#### Task input

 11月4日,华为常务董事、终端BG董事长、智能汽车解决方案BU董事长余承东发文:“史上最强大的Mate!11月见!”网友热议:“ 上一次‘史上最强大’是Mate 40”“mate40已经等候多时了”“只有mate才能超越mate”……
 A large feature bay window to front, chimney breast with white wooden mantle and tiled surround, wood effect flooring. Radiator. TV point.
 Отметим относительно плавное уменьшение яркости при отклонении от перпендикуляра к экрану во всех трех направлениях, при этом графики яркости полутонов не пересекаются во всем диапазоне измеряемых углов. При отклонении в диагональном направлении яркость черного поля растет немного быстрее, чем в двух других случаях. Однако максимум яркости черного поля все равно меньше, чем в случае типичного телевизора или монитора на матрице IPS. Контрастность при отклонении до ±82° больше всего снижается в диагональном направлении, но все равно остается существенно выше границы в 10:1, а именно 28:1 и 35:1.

########
#### Task input

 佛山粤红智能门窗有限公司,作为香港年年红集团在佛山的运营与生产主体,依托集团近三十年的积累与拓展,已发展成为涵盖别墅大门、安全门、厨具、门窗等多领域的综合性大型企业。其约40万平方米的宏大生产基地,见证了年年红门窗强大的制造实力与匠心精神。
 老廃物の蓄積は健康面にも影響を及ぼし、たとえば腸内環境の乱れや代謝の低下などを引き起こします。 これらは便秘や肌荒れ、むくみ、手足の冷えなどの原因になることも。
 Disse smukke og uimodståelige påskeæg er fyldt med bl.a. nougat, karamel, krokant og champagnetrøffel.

########

Above are the entries. Output exactly the lines beginning with the line that has "老廃物の蓄積は健康面にも影響" and ending with the line that has "Disse smukke og".

### Answer for the task:
 老廃物の蓄積は健康面にも影響を及ぼし、たとえば腸内環境の乱れや代謝の低下などを引き起こします。 これらは便秘や肌荒れ、むくみ、手足の冷えなどの原因になることも。
 Disse smukke og uimodståelige påskeæg er fyldt med bl.a. nougat, karamel, krokant og champagnetrøffel.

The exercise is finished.